# Tamiya Clear Gloss Question



## spocks beard (Mar 21, 2007)

Hi! I am finishing up on detailing my J2 Interior,However before i start gluing things in, I would like to spray a coat of Tamiya clear gloss to the J2 floor to give it a little shine like the original. As it is now i have only been using Tamiya sprays on the floor to detail the inner & outer circles, And was wondering if the Tamiya clear gloss spray will be ok as a sealant. I have great results with Tamiya sprays, But never used their clear sprays before, And wanted to get some feed back by other members here that have.Basically, I need to know if the clear coat will cause a reaction in the paint that it will be covering. The floor detailing has been left to cure up for about a little over a week now. And i'm hoping that as both the clear and detail paint is from the same brand, They will be compatible. Thanks!!


----------



## starseeker (Feb 1, 2006)

Tamiya clear is beautiful stuff. Just remember to thin it with Tamiya thinner before airbrushing, Experiment on scrap plastic before you spray to get a consistency you like. It definitely won't react with the Tamiya paint underneath, except to make the colors somewhat darker. So your color coats should be somewhat lighter to begin with, if you're trying to match a specific shade. Almost all clear coats darken colors. 
You could also airbrush Future.
I have a question about Future, tho. I've used Tamiya paints almost exclusively for about 25 years now and they have remained color true and none of the whites or clear coats have yellowed over time. Does anyone have experience with Future over a long time period? Does this stuff yellow over 10, 15, or 20 years? Or are actual clear coats like Tamiya a safer choice?


----------



## djnick66 (May 2, 2008)

He said he is using their sprays, not jar paints.

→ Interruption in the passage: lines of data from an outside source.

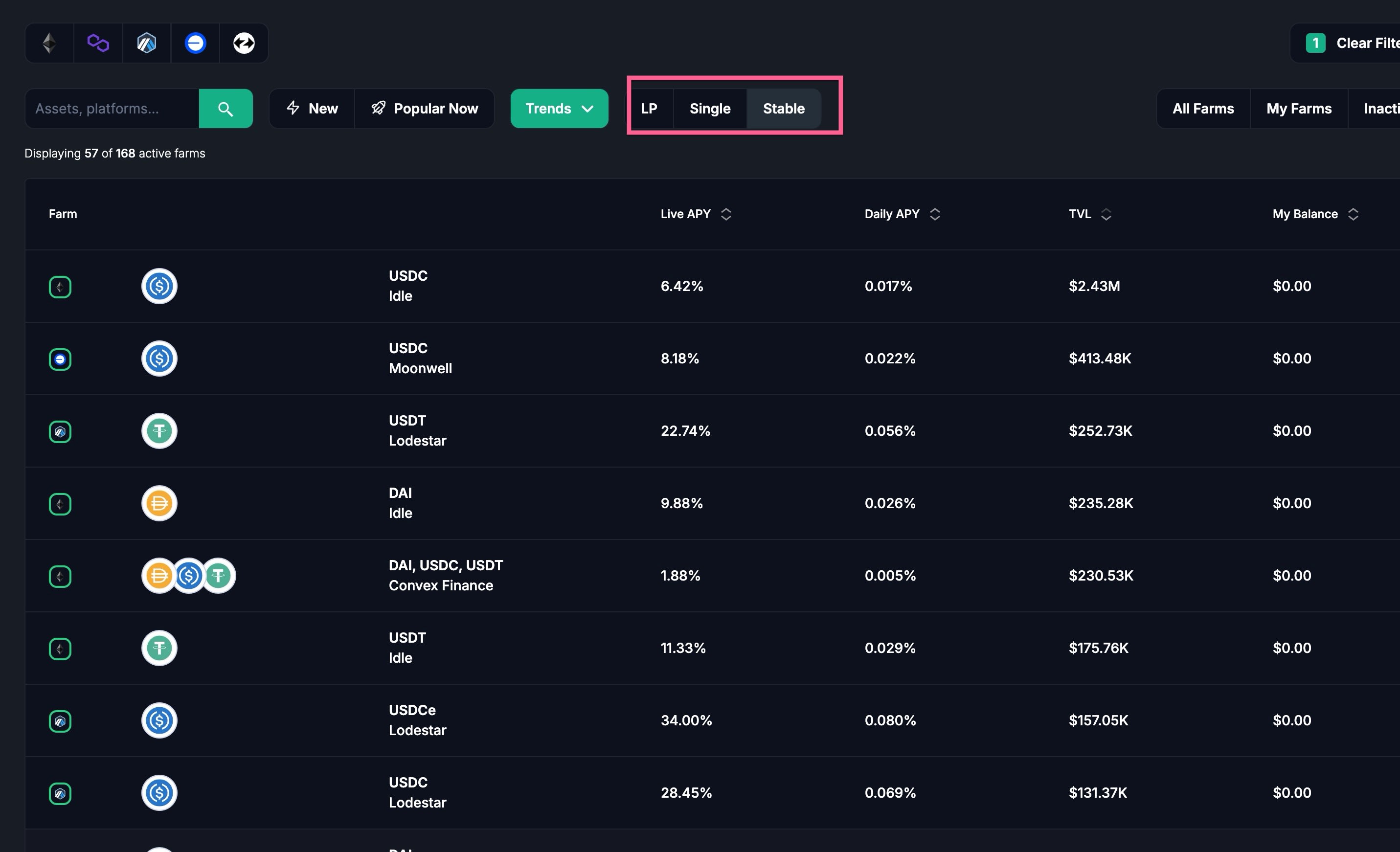 So I scan through these, based on the Live APY and TVL.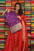 Russian Crepe Gold Zari And Checks Purple Saree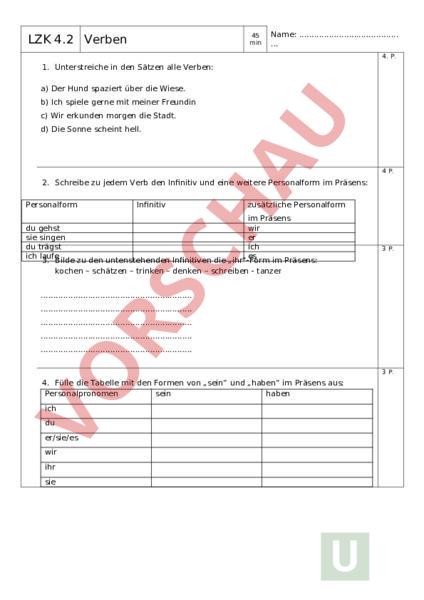 45 min LZK 4.2 Verben Name: . 4. P. 1. Unterstreiche in den Sätzen alle Verben: a) Der Hund spaziert über die Wiese. b) Ich spiele gerne mit meiner Freundin c) Wir erkunden morgen die Stadt. d) Die Sonne scheint hell. 4 P. 2. Schreibe zu jedem Verb den Infinitiv und eine weitere Personalform im Präsens: Personalform Infinitiv zusätzliche Personalform im Präsens du gehst wir sie singen er du trägst ich ich laufe es 3. Bilde zu den untenstehenden Infinitiven die „ihr-Form im Präsens: kochen – schätzen – trinken – denken – schreiben tanzen 3 P. . . . . . 3 P. 4. Fülle die Tabelle mit den Formen von „sein und „haben im Präsens aus: Personalpronomen sein haben ich du er/sie/es wir ihr sie 5 P. 5. Markiere die trennbaren Verben und schreibe sie hinten im Infinitiv auf die Linie: a) Der lange Fingernagel bricht ab. . b) Wir sehen uns den Film an. . c) Er schläft im Training ein. . schaltet den PC ab. d) Peter . 6 P. 6. Markiere die Verben und bestimme die Zeitform (Präsens – Präteritum): a) Ich renne nach Hause. b) Dora ging in die Schule. c) Danja schrieb ein Brief. d) Die Klasse verstand das Thema. e) Der Bär ist stark. f) Sie fuhren schnell davon. Unterschrift Eltern . . 25 P. Note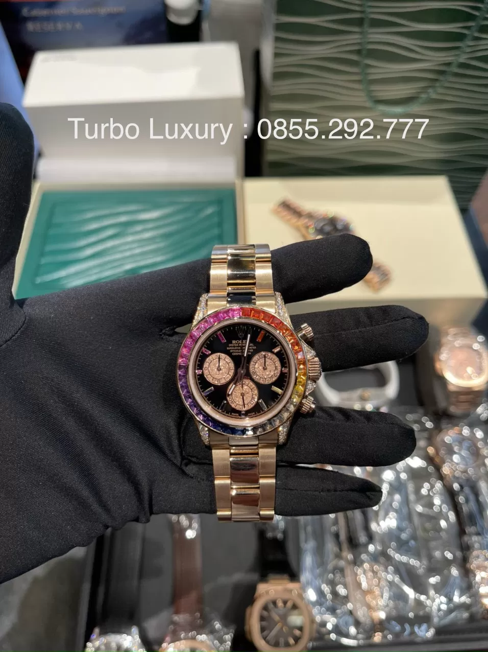 ROLEX DAYTONA RAINBOW 116505RBOW VÀNG KHỐI 18K KIM CƯƠNG THIÊN NHIÊN

Tamiya TS series Clear Gloss and Clear Flat spray cans are super. Two or three coats of Gloss can give a wonderful, deep, even gloss. The Flat is DEAD Flat. They go over any Tamiya spray or jar paint. Note, and this is true for most clear finishes... they will dull down colors like bright Silver. Usually I will gloss things up then apply metallics last.

I do not like Tamiya X series Gloss in a jar very much. IMHO its fairly poor for large areas, although I brush paint it on small parts like eyes on figures.

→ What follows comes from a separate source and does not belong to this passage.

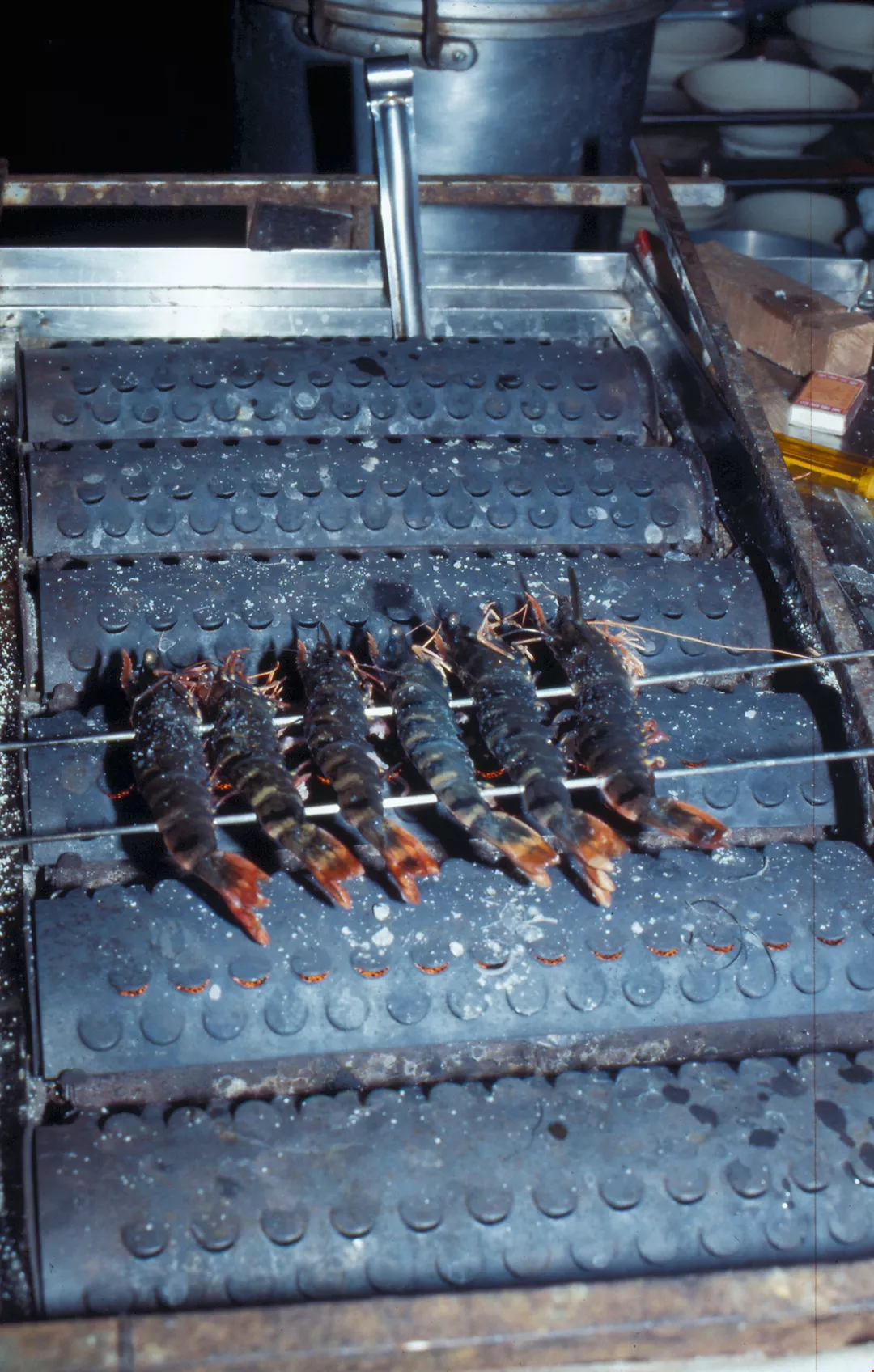 把活蝦串在鐵棍上,放在燒熱的鐵架上炙烤,也是夜市常見的一景。

Future does not seem to yellow. Tamiya acrylic jar paint white CAN YELLOW and will even yellow in the jar, especially the Flat White.


----------



## starseeker (Feb 1, 2006)

Another one that I misread. Sigh. As I've never used paint in a can, I was just assuming spray meant airbrush. Obviously not, now that I re-read. . 
I still have several dozen bottles of the Tamiya back from when they were in the big bottles. Have to admit, I don't like some of the stuff (yellows, reads, oranges) in the little bottles. They've changed their formula or something, thinned them horribly. Those colors could go opaque in a couple of light passes. 
My remaining old big bottles are still fresh and I still use them. 
My Testors enameled Saturn 5 has yellowed very much. My Tamiya flat white/clear coated Saturn 1 and 5 done a couple years later, maybe 1984, are still white as when I painted them. That's not good news about the new Tamiya white, if it yellows in the jar. I've also found that Polly S in recent years is utterly different than it used to be, also much thinner much less able to coat in a single light pass or two. Shame. They both used to be great. As my Tamiya and other old acrylics run out, I'm finding that Testors enamels are good alternative. So very many common brands of paint can't be shipped into Canada anymore it's getting very frustrating.
Good luck on your clearcoat. Just watch out for dust particles. The broad pattern of spray cans tends to pick up dust a lot more easily than an airbrush, so pick a dust free location and wear something that dust isn't attracted to.


----------



## spocks beard (Mar 21, 2007)

*Thanks!*

Thanks for the info on the Tamiya gloss!
I went ahead and sprayed the J2 floor with the Tamiya gloss clear & it did wonders for it.The reason the finish was originally so dull is i had used flat paint on it.I couldn't match any gloss colors in the Tamiya line that looked true enough to the stage colors other than their flat paints. I used light sand for the middle circle, & Red Brown for the outside.I know a lot of people here used Testors wood for the inner circle, But this looked as close as i could get. And the gloss did darken it up a bit which is fine to my eye. I'll let it sit and cure for a few days before handling it. Thanks guys for the help.:thumbsup:


----------



## djnick66 (May 2, 2008)

They haven't made Poly S paint in 25 years. Poly Scale (the current stuff) is NOT Poly S...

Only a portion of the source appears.